Navigate to Tools & Settings > Mail > Mail Queue to see deferred messages. A large queue from a single sender is a strong indicator of a compromised account or application issue.

Step 6: Set Up Alerts When Rate Limits Are Triggered

Plesk can send admin notifications when rate limits trip. Configure these under:

Tools & Settings > Notifications > Mail

Enable notifications for:

• Outgoing message limit reached (domain level)
• Outgoing message limit reached (mailbox level)

These email alerts arrive at the admin address when a rate limit is hit — allowing you to investigate the affected account before the spam run completes.

Supplement Plesk's built-in alerts with a simple log monitoring script:

#!/bin/bash
# Alert when any sender exceeds 100 emails in the last 10 minutes
THRESHOLD=100
LOG="/var/log/maillog"

# Extract senders from the last 10 minutes
RECENT=$(awk -v d="$(date -d '10 minutes ago' '+%b %e %H:%M')" '$0 >= d' "$LOG")
echo "$RECENT" | grep "status=sent" | grep -oP 'from=<[^>]+>' | sort | uniq -c |     awk -v t="$THRESHOLD" '$1 > t {print "HIGH VOLUME SENDER: "$2" ("$1" emails in 10 min)"}' |     mail -s "Postfix High-Volume Alert on $(hostname)" admin@yourdomain.com

Schedule this as a cron job running every 10 minutes for near-real-time detection.

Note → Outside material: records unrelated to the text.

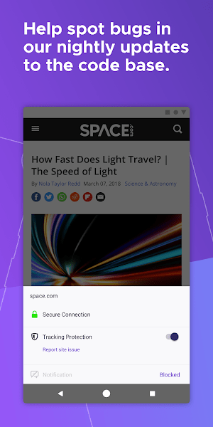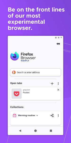 旨在展示更多实验性的 Firefox 版本。夜间频道允许用户在不稳定的环境中体验最新的Firefox创新,并提供关于功能和性能的反馈意见,以帮助确定什么使最终版本。
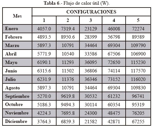 Los resultados que proporciona el software SOLEEC y que se resumen en las tablas anteriores permiten definir el tipo de aplicación que podría tener cada configuración, basados en el flujo de calor útil, la eficiencia, las pérdias de calor y el flujo másico requerido.
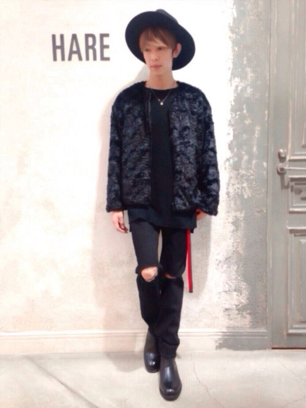 こんにちは!! いつもご覧頂きありがとうございます(^-^) 今日は新作のファーブルゾンを使用したコーディネートです! 今までHAREにはあまり無かった形なのでとても新鮮です!! そしてとっても暖かいですね^ ^ お色は2色展開でもう1色はレオパード柄のかなりインパクトのある見栄えなのですが今日の所は黒で合わせてみました!^ ^ 色によって少しデザインが違うのですが黒はファーの毛足の向きがランダムになっていて写真では伝わりにくいのですがこちらも単色でインパクトのある仕上がりとなっております(^-^) モード感のあるオールブラックで着てみました!!^ ^

Recommended Rate Limit Settings by Server Type

Shared hosting server (50-200 domains):

• Server level: 15,000 messages/hour, 100,000/day
• Per domain: 500 messages/hour, 3,000/day
• Per mailbox: 100 messages/hour, 500/day

VPS with 5-20 client domains:

• Server level: 5,000 messages/hour, 30,000/day
• Per domain: 1,000 messages/hour, 5,000/day
• Per mailbox: 200 messages/hour, 1,000/day

Dedicated transactional email server:

• Implement at the application level with per-campaign limits rather than Postfix rate limiting
• Use a dedicated sending IP with separate reputation monitoring

What to Do When a Rate Limit is Triggered

When Plesk blocks a mailbox for exceeding its rate limit:

1. Check the mail log for the sender: grep "from=<user@domain.com>" /var/log/maillog | tail -50
2. Determine if the send pattern looks automated (uniform intervals, identical subjects) or legitimate (varied recipients, human-written subjects)
3. If compromised: immediately change the mailbox password, check the account's sent folder, scan for malware on web applications using that mailbox, and review mail headers on a sample of outgoing messages
4. If legitimate high-volume: increase the mailbox or domain limit, or move that domain to a dedicated IP

Conclusion

Plesk's email rate limiting is one of the most effective tools for keeping your server's IP reputation intact. Even a single compromised mailbox can cause significant harm without it. Configure server, domain, and per-mailbox limits appropriate to your hosting environment, set up monitoring alerts so you catch violations immediately, and review triggered limits weekly. The small performance overhead of the policy daemon is negligible compared to the cost of IP blacklisting and customer churn from broken email delivery.